→ AIM OF THE TASK: Begin the copy at the line containing "După remiza Botoșaniului, Rapid" in the data below and end it at the line containing "4 pares de nigiri, 6", keeping each line exact and leaving out pictures.

→ PROVIDED DATA:
★ ★ ★
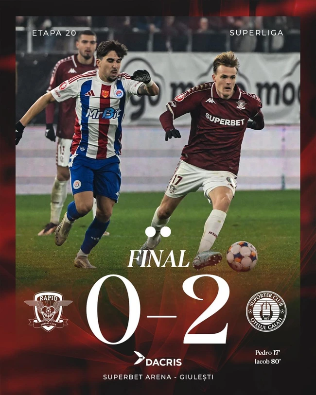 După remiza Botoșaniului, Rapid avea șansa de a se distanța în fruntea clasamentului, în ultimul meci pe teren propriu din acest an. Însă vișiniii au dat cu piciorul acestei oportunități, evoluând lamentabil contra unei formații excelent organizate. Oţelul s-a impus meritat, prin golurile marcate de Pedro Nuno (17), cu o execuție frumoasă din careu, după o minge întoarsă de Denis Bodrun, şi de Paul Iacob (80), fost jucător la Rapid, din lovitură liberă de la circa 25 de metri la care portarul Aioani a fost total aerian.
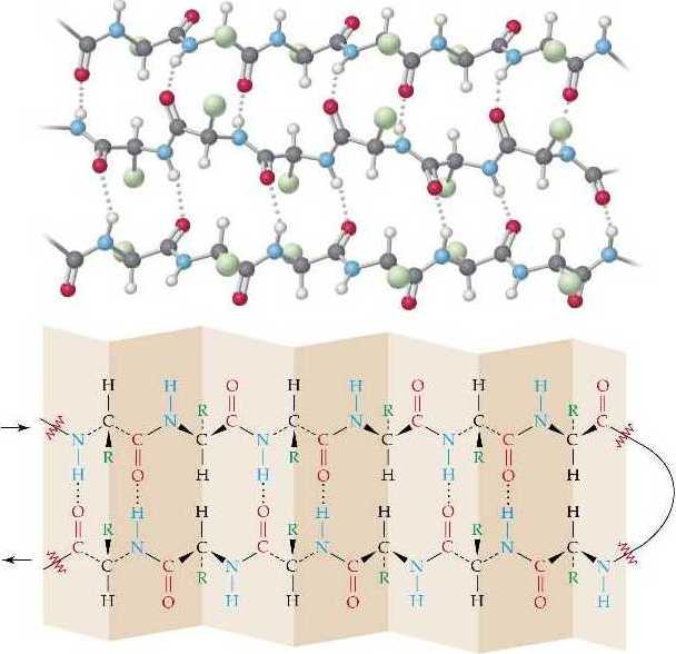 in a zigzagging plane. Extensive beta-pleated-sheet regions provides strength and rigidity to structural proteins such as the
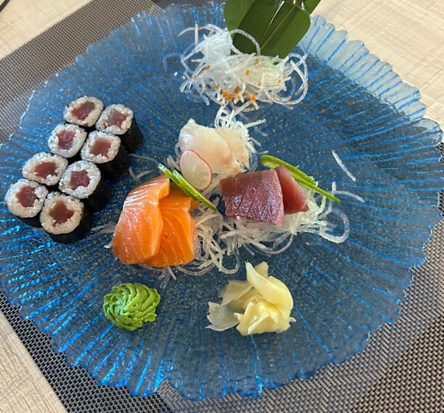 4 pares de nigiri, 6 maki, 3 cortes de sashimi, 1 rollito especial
★ ★ ★
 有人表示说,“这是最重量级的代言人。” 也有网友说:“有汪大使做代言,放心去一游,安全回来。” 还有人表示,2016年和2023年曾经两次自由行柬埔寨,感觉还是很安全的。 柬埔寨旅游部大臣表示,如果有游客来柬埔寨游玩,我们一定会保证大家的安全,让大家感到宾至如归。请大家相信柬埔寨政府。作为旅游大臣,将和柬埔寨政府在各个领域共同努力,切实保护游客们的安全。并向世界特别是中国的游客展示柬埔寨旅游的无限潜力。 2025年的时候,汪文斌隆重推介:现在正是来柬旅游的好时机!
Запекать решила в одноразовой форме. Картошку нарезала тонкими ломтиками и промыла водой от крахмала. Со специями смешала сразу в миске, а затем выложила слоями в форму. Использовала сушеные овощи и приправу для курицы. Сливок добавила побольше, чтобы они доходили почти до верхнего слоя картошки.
★ ★ ★
→ EXERCISE OUTPUT:
 După remiza Botoșaniului, Rapid avea șansa de a se distanța în fruntea clasamentului, în ultimul meci pe teren propriu din acest an. Însă vișiniii au dat cu piciorul acestei oportunități, evoluând lamentabil contra unei formații excelent organizate. Oţelul s-a impus meritat, prin golurile marcate de Pedro Nuno (17), cu o execuție frumoasă din careu, după o minge întoarsă de Denis Bodrun, şi de Paul Iacob (80), fost jucător la Rapid, din lovitură liberă de la circa 25 de metri la care portarul Aioani a fost total aerian.
 in a zigzagging plane. Extensive beta-pleated-sheet regions provides strength and rigidity to structural proteins such as the
 4 pares de nigiri, 6 maki, 3 cortes de sashimi, 1 rollito especial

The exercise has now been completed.